Editorial: O mosquito amigo do vírus
Depois de tanto tempo convivendo com uma pandemia causada por um vírus, aprendemos pelo menos uma coisa: nem sempre é possível curar uma doença causada por vírus, mas é sempre possível evitar a contaminação, tomando as medidas adequadas. No caso de um vírus que usa como transporte as gotículas aéreas que emitimos ao falar, espirrar, […]
Depois de tanto tempo convivendo com uma pandemia causada por um vírus, aprendemos pelo menos uma coisa: nem sempre é possível curar uma doença causada por vírus, mas é sempre possível evitar a contaminação, tomando as medidas adequadas.
No caso de um vírus que usa como transporte as gotículas aéreas que emitimos ao falar, espirrar, tossir ou gargalhar e como aeroporto as vias nasais e a boca (às vezes até os olhos) das pessoas das proximidades, não é difícil imaginar que se proteger de alguma forma a boca e o nariz, a aterrisagem do vírus aerotransportado fica mais difícil.
Agora Brusque e região volta a enfrentar um outro vírus que, embora não tenha causado uma pandemia, é velho conhecido dos brasileiros (chegou ao país em 1981): o que causa a doença infecciosa febril conhecida como dengue.
Diferentemente do vírus com que nos preocupamos mais nos últimos dois anos, o vírus da dengue usa, como transporte preferencial, a fêmea do mosquito Aedes aegypti. Esse mosquito precisa de sangue para maturar os seus ovos. E essa necessidade natural faz com que ela, ao sugar o sangue de alguém contaminado, sugue também o vírus. E o conduz, de carona, até a próxima pessoa que for picada. Lá o vírus desembarca e, dependendo dos anticorpos que encontrar (ou não encontrar), faz a festa.
E como se foge do mosquito? Como se evita a dengue? As tentativas de exterminar o mosquito (que tem comportamento estritamente urbano “sendo raro encontrar amostras de seus ovos ou larvas em reservatórios de água nas matas”, informa a Fiocruz), não têm funcionado. Ao longo do tempo o mosquito desenvolveu alguma resistência aos inseticidas e o número quase infinito de locais, nas cidades, que armazenam água (lixo, material descartável jogado de qualquer jeito, vasos, etc) faz com que todo verão eles se multipliquem incontrolavelmente.
E é aí que a coisa fica interessante: “incontrolavelmente” é figura de linguagem. É possível controlar ou reduzir a proliferação dos mosquitos. E, portanto, reduzir a chance de transmissão do vírus. Como em tantas outras epidemias, são medidas simples, relacionadas com saneamento básico, com higiene, com cuidados coletivos e com a conscientização, de toda a comunidade e das autoridades de diversas áreas, do que é preciso fazer.
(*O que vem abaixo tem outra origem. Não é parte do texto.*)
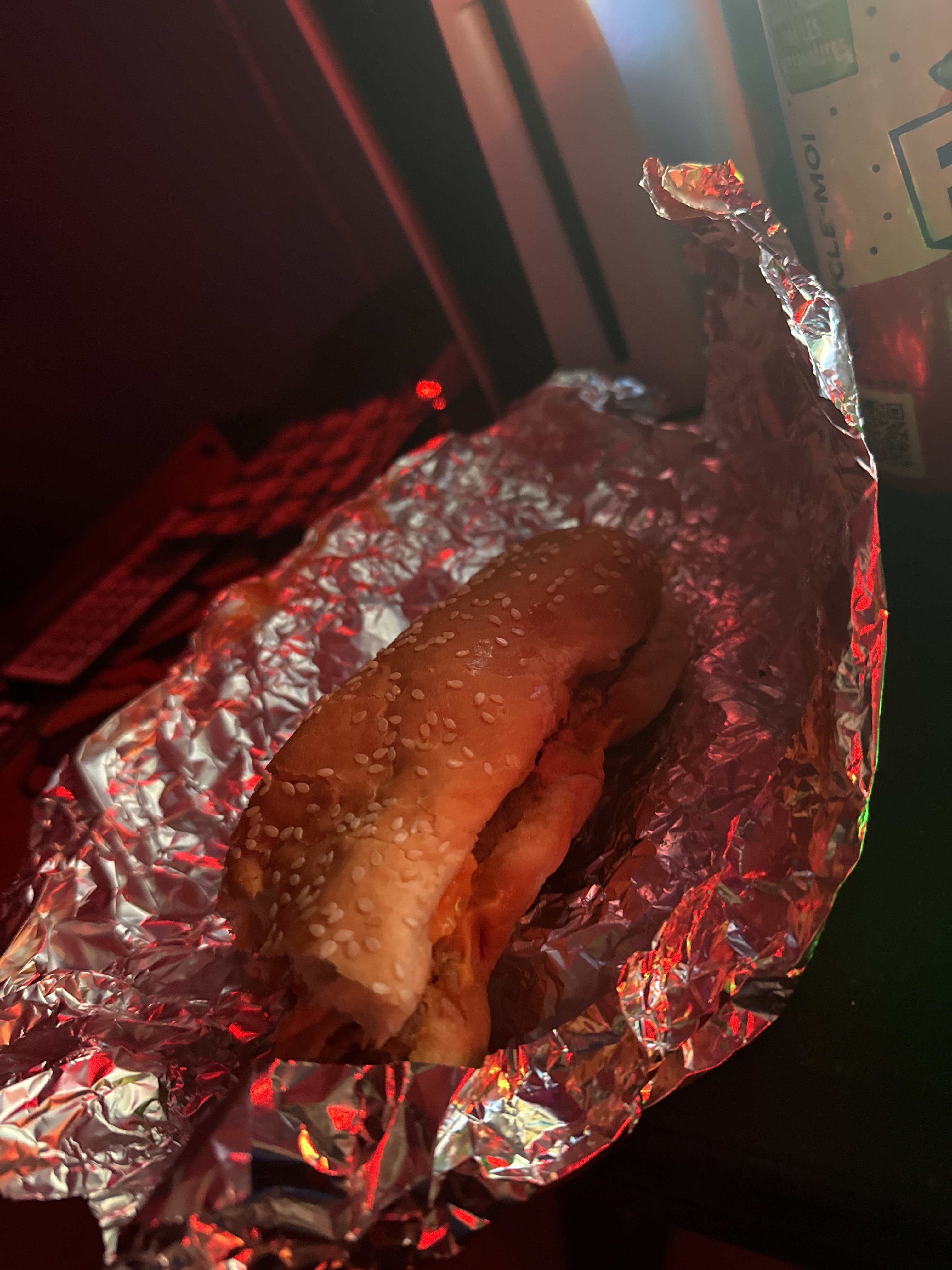 Pas très bon limite trop cuit pain burger sec puis la taille du truc même pas on en parle il faisait la moitié de celui sur la photo déçu 😞

O mosquito põe ovos milímetros acima de alguma água parada e limpa. Com a chuva, a água sobe um pouco e os ovos eclodem em minutos e, em até uma semana, a larva se transforma em novo mosquito. Então, toda água limpa que ficou sem ser trocada por vários dias, é um possível berçário de mosquitos. E não precisa ser um reservatório grande, como um pneu abandonado. Um potinho de plástico esquecido no fundo de um quintal, por exemplo, é um bom lugar.
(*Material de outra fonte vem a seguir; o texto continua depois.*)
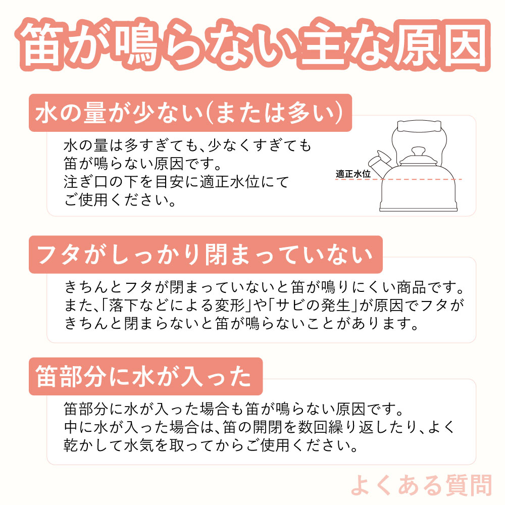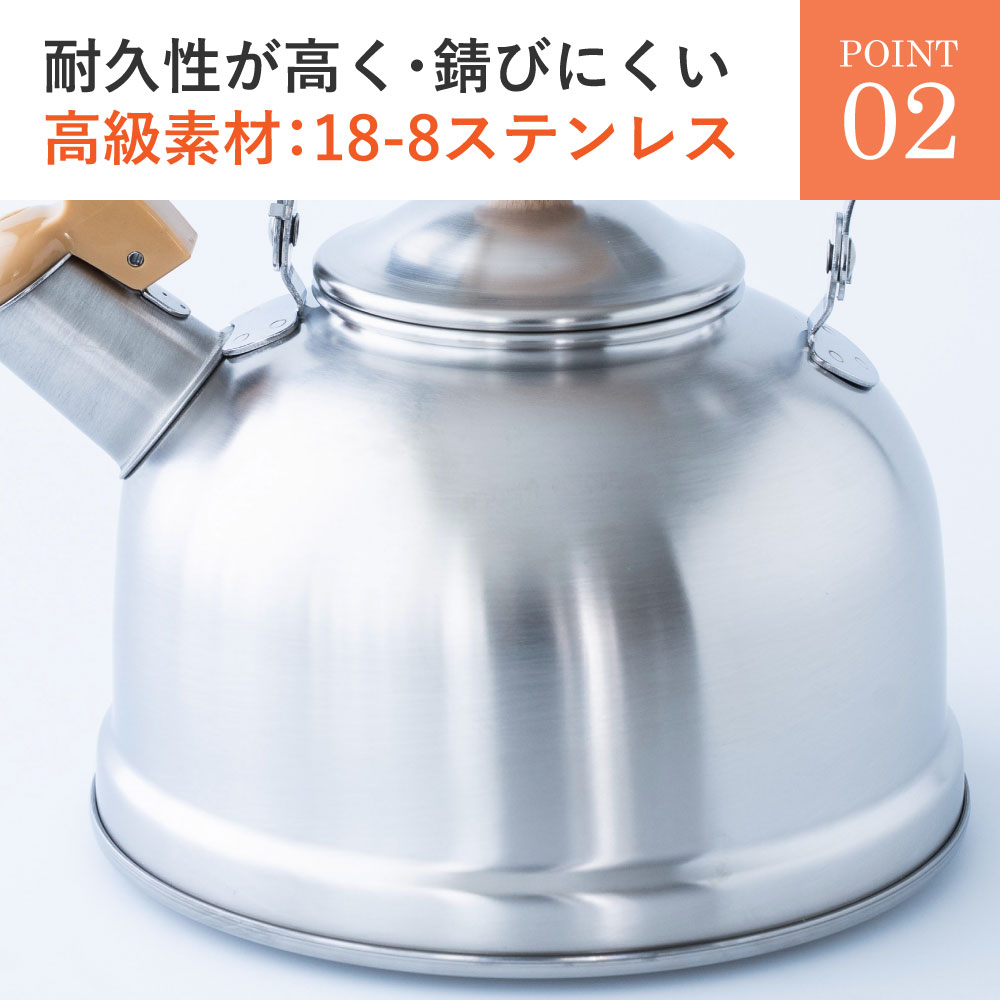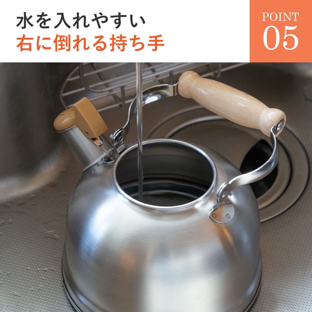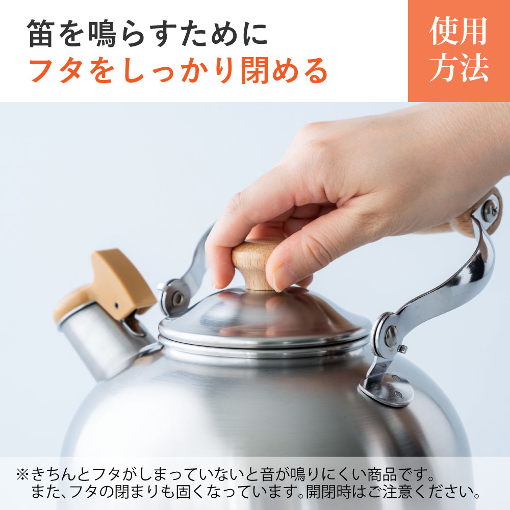 お湯が沸いたら耳に優しいハーモニカの音色で優しく教えてくれる笛吹ケトルです。毎日使うものだからこそ「可愛らしくシンプル」長く使っても飽きの来ないデザインです。金属加工が盛んな新潟県燕市で製造されたステンレス製で耐久性が高く、汚れが落ちやすくお手入れが簡単です。ガス火はもちろんIH調理器にも効率よく使えます。落ち着いた雰囲気のつや消し仕上げは傷が目立ちにくく、毎日使うのに飽きのこないデザインです。満水容量2.5/適正容量1.8Lです。※水の量が多すぎても少なすぎても音がならない場合がございます。注ぎ口の下のラインを目安に水を沸かしてください。※きちんとフタがしまっていないと音が鳴りにくい商品です。そのためフタの閉まりも固くなっています。開閉時はご注意ください。

Um esforço coletivo e organizado para identificar e eliminar esses criadouros ajudaria bastante. Não adianta contaminar tudo com inseticida. Isso prejudica a saúde humana e dos animais domésticos, mas não faz cócega na senhora Aedes aegypti. Adianta investir um tempo em olhar, na casa e nos quintais (aproveitando que a nossa região é famosa por seus jardins e quintais bem cuidados), os possíveis focos. E é fundamental que as prefeituras mantenham setores capazes de informar adequadamente o cidadão sobre o que fazer nos casos em dúvida.
E, principalmente, o poder público precisa estar sempre atento (e responder com agilidade) às denúncias que envolvem prédios, obras e residências abandonadas, terrenos baldios mal cuidados, áreas públicas. Não é impossível, não é complicado. Só exige solidariedade e interesse comunitário.